Kate, William, Meghan and Harry
According to the royal insiders, William and Kate simply refused to make do with the apartments they were given and their refurbishment was taken to extraordinary lengths.
The royal couple's teams of nannies, footmen, maids, secretaries and communications experts then move into the vacated area.
Harry and Meghan were also quick to vacate their nearest neighbours amid rumours of a feud between Kate and Meghan.
Meghan also didn't find much solace at Frogmore Cottage in Windsor, writes Quinn.

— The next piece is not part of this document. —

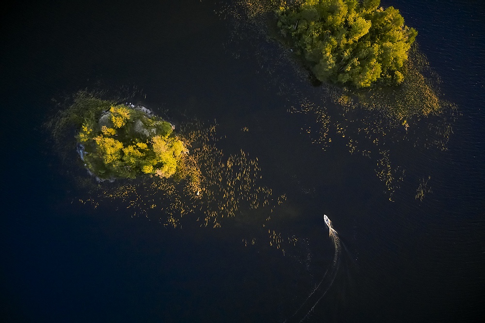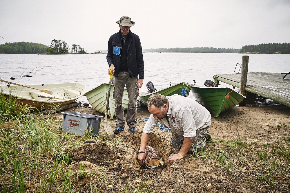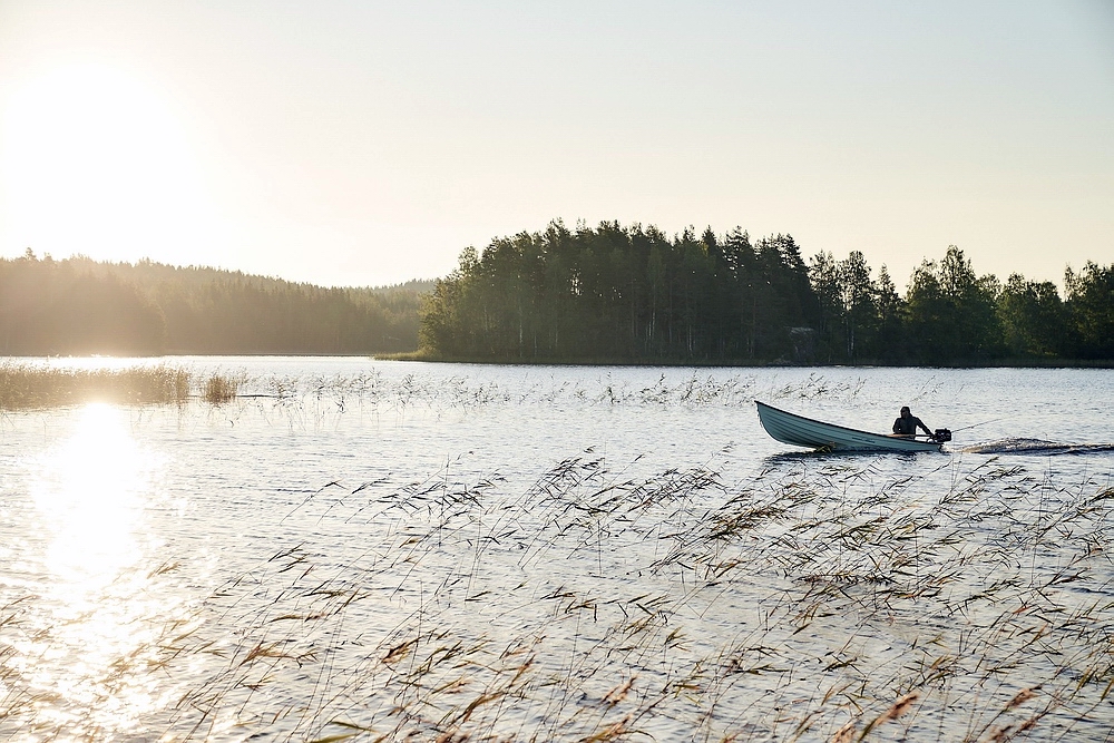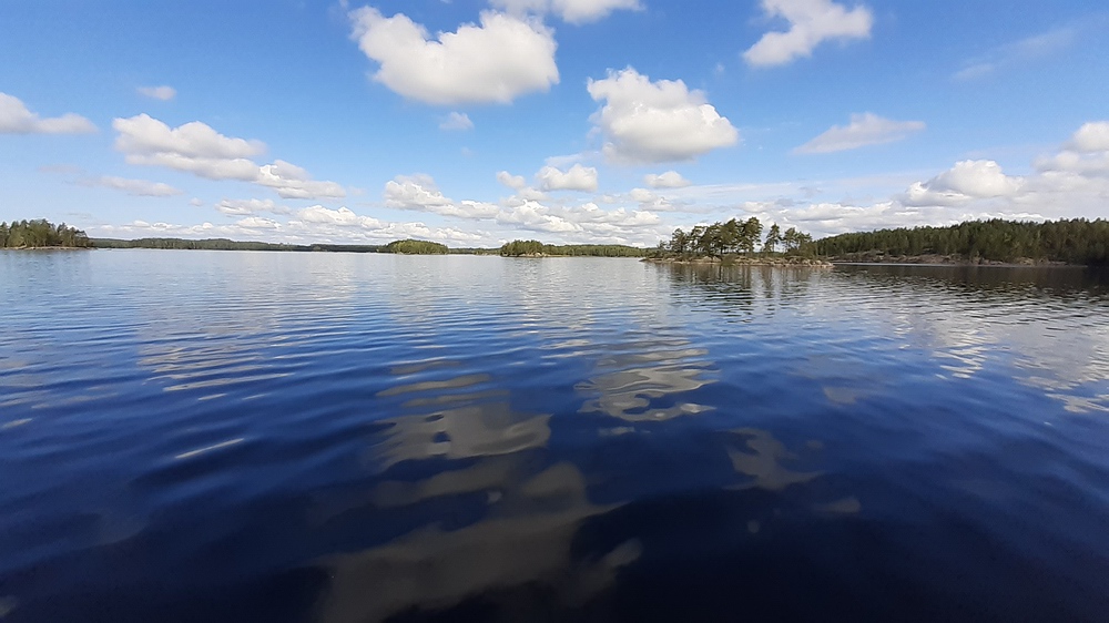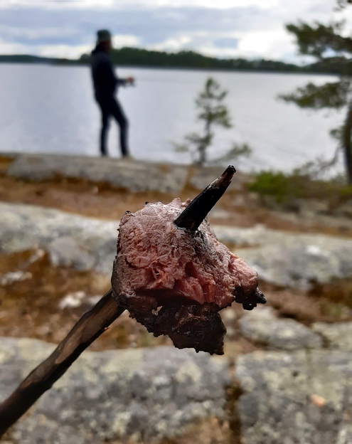 | Es hieß, wir erkunden das Wasser und die Spots. Auch wenn das Frühstück nicht besser sein können, war ich denn doch heiß auf Fischen. Nachdem wir alle beim graved Fisch zugesehen hatten, ihn gemeinsam verbuddelten und ein frisches Rührei mit selbst gepflückten Pfifferlingen erhielten, ging´s los. Zu jedem Haus gehört ein Boot mit Außenbordmotor und Ruder. Ein seetauglicher Rumpf, der einfach zu Händeln ist und stabil im Wasser liegt. Jedes Boot verfügt über ein Iphone mit Karte. Warum? Ganz einfach, der See ist ein Teil des Siamaa, tausende Inseln und tausende Kilometer, über die sich diese Wasserlandschaft erstreckt. Um sich lokal zu orientieren, wird es irgendwann schwer, wenn man neu ist. Die Vegetation und Inseln ähneln sich sehr, hat man sich einmal umgedreht, sieht es völlig anders aus, als man es in Erinnerung hat. Wenige zivile Anhaltspunkte wie kleine Hütten oder mal ein prägnant umgekippter Baum, lassen alles recht gleich ausschauen. |

Once she'd settled in, says a Kensington insider, "Meghan realised that living there would be like living in the Russian steppes."
The couple are now living in California, with son Archie, despite Meghan initially being warmly welcomed to Kensington Palace by Kate and the family.
"Kate is actually one of the nicest royals, and she hasn't let life in her extremely grand apartment at Kensington go to her head — or at least not too much," a palace insider says.
"She is nice to her staff, in the main, and she was very warm towards Meghan when she arrived.
"But tensions were bound to arise because Meghan inevitably had to accept that, although she is a duchess, she is not married to the next king.
"I think she has found that difficult to deal with.
"And although Harry loved their cottage in the grounds, Meghan was conscious that it was tiny in comparison to the vast apartment complex where Kate and William live."
Another insider agreed that Meghan's attitude was affected by her new status.
"Being a royal goes to everyone's head eventually — and after a while, William and Harry would meet without their wives in tow to avoid rows and stony silences."
Quinn's book also claimes the initial move to Windsor from Meghan and Harry was triggered by Meghan shouting at a member of the Cambridge's staff.
"Kate was horrified when Meghan shouted at a member of Kate's staff — that was definitely the beginning of discussions about leaving Kensington Palace," a former servant added.
"Like many people not used to dealing with servants, Meghan overdoes the imperiousness; so on the one hand she wants to be like Diana, a people's princess, and on the other she wants people to stand to attention when she clicks her fingers."
The royal courtiers at Kensington apparently received a number of severe reprimands from Meghan, and were said to be rather relieved when she and Harry moved out.
Meghan reportedly also worried people would look down on her because she was a divorced, mixed-race American.
"There are the more reactionary elements in the Royal Family who do look down on her, and she knows it," added a Kensington insider.
"This makes her overreact sometimes — she doesn't have Kate's assured way of dealing with people."
However, the insiders recalled that the Queen did not share in this prejudice and in fact liked Meghan very much.
Another former palace employee said: "The Queen has had a soft spot for Americans since meeting Barack Obama who she completely fell in love with — so much so, that she's frequently asked her courtiers if they can arrange for him to come to Britain now he is no longer President."